Reuters: Shares breached the 6,000-point psychological barrier and hit a 30-month closing low on Tuesday, weighed down by a weak rupee and heavy foreign selling in market heavyweight John Keells Holdings.
The Colombo stock index ended 0.95% weaker at 5,971.21, its lowest close since 15 March 2016. It lost 1.4% last week, its first weekly drop in four.
Earlier in the session, the rupee fell 0.5% and hit an all-time low of 166.00 per dollar, dented by higher dollar demand from importers amid reluctant greenback sales by exporters, market sources said.
The sliding rupee and political uncertainty weighed on sentiment, said Acuity Stockbrokers CEO Preshan Fernando.
“Foreign selling in Keells dragged the market,” he said.
Conglomerate John Keells Holdings Plc ended 2% down at Rs. 131.90 after hitting a 30-month low earlier in the trade.
Foreigners sold a net 2.1 million shares in Keells, data from the Bourse showed.
Turnover was Rs. 881.2 million ($ 5.32 million) on Tuesday, more than this year’s daily average of Rs. 797.5 million.
Foreign investors sold a net Rs. 200.7 million worth of shares extending the year-to-date net foreign outflow to Rs. 4.8 billion worth of equities.
Analysts said the fuel price hike also hurt investor confidence as it could hit corporate earnings.

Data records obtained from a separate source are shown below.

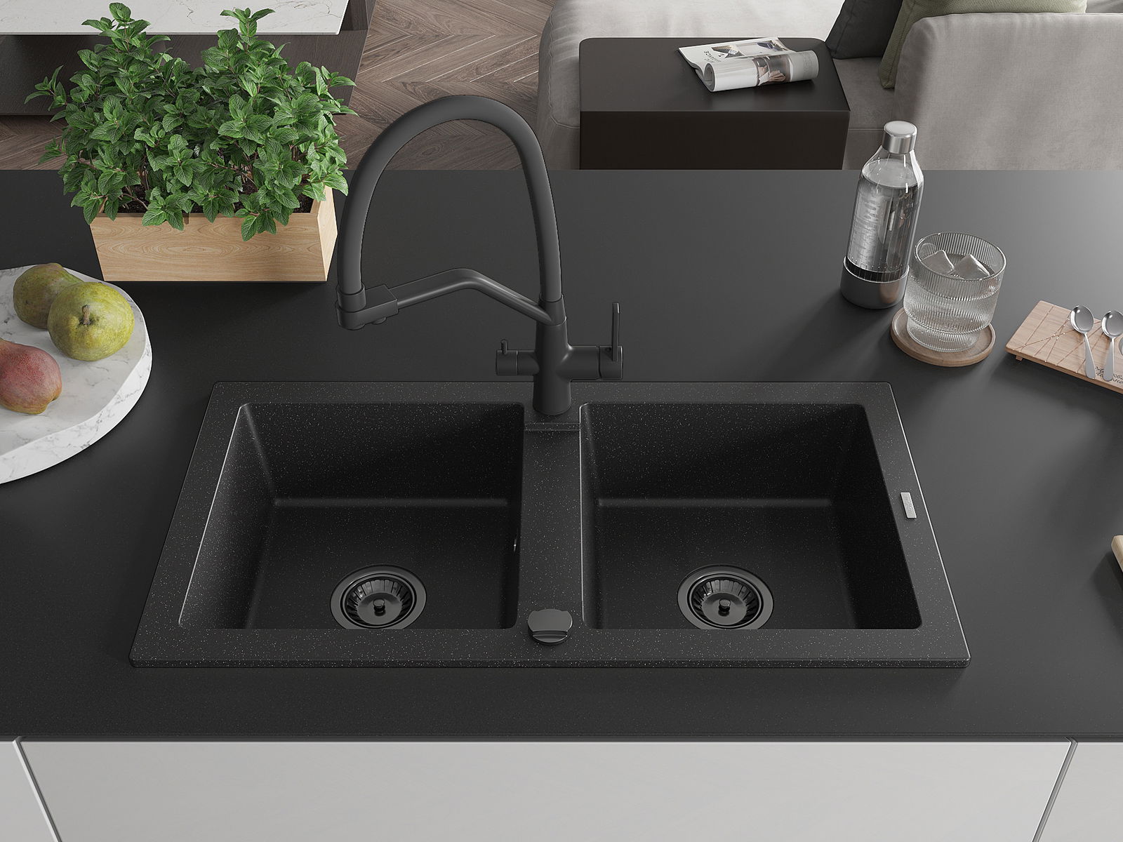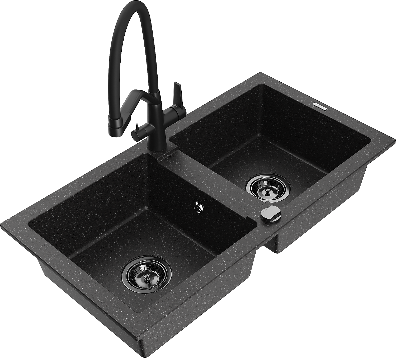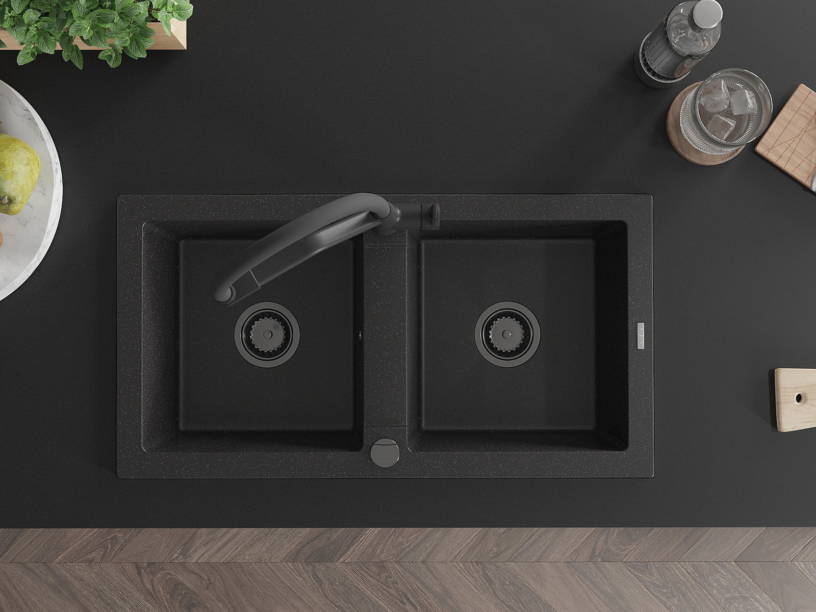 Mexen Mario chiuvetă de granit cu 2 compartimente și baterie de bucătărie Duo, negru/argintiu metalizat - 6504-73-671701-70-B
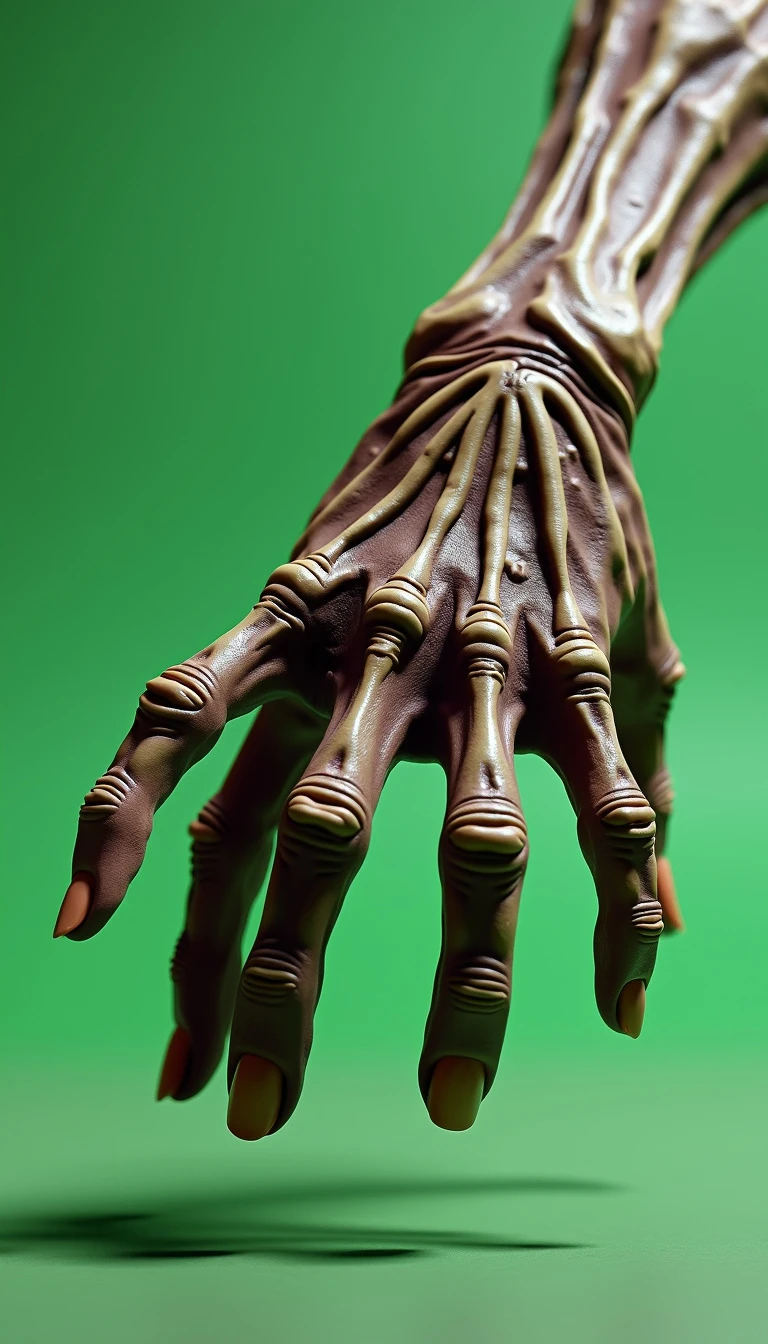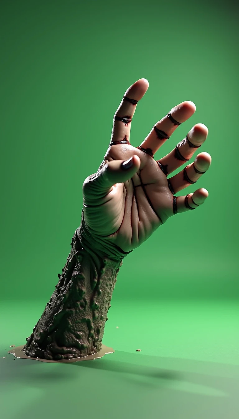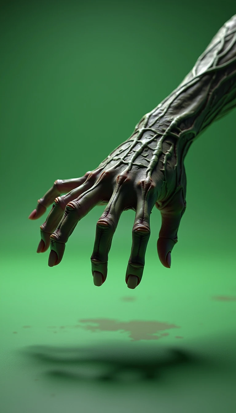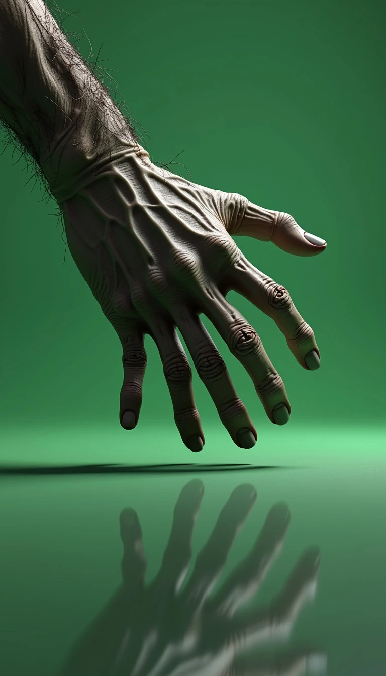 8K ultra-realistic 3D rendered image of a hand similar to "Thing" from The Addams Family: A lifelike, detailed 3D hand with an eerie, slightly weathered texture, resembling "Thing" from The Addams Family, is mid-leap as if jumping to grab something just out of reach. The hand appears animated, with its fingers spread in a grabbing motion, giving a dynamic, energetic feel as it reaches forward. The lighting captures the shadows and creases in the skin, making the hand look ultra-realistic and detailed, while emphasizing the stretch in its fingers. The background is a simple, one-color green screen for easy background removal and editing in post-production. The scene is captured from a wide-angle perspective with the hand in sharp focus, showing its slight reflection on the floor, further enhancing the 3D effect.
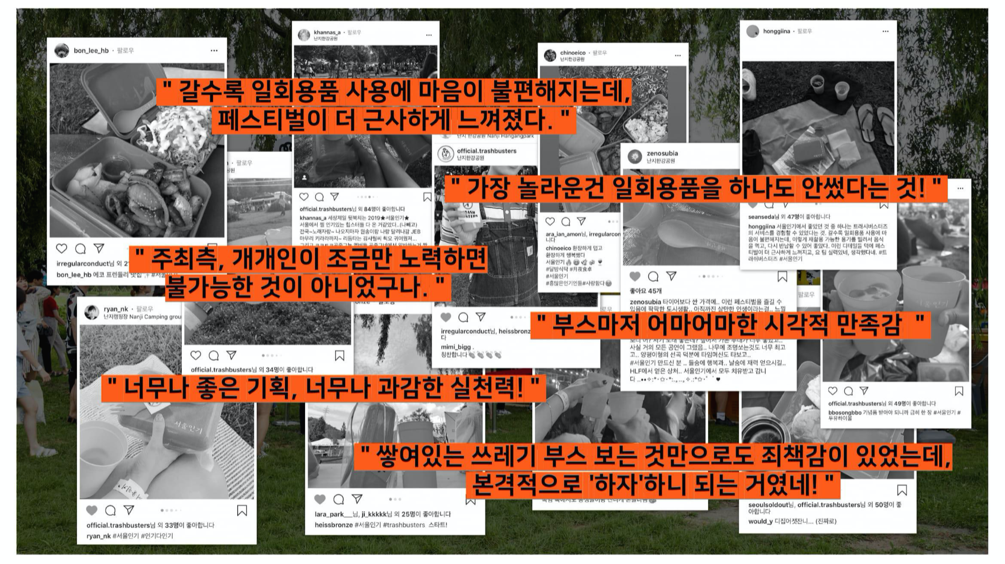 행사장에서 깨끗한 용기를 사용할 수 있으면서도 세척과 수거의 부담을 트래쉬버스터즈가 대신 감당함으로써 첫 행사부터 쓰레기 배출량을 98%까지 감축하는 결과를 만들었습니다. 관객들도 트래쉬버스터즈와 함께한 환경 보호 동참에 열광했고요!

Fuel retailers raised gasoline and diesel prices for a third time in four months this month due to higher global oil prices and a weaker rupee.
Investors are awaiting cues from the national budget in November.
Shares of Distilleries Co of Sri Lanka Plc ended 4% lower, Sampath Bank Plc closed 3.7% weaker and Nestle Lanka Plc ended down 2.8%.
Leading mobile phone operator Dialog Axiata Plc ended 2.4% lower and the biggest listed lender Commercial Bank of Ceylon Plc closed 2.5% weaker.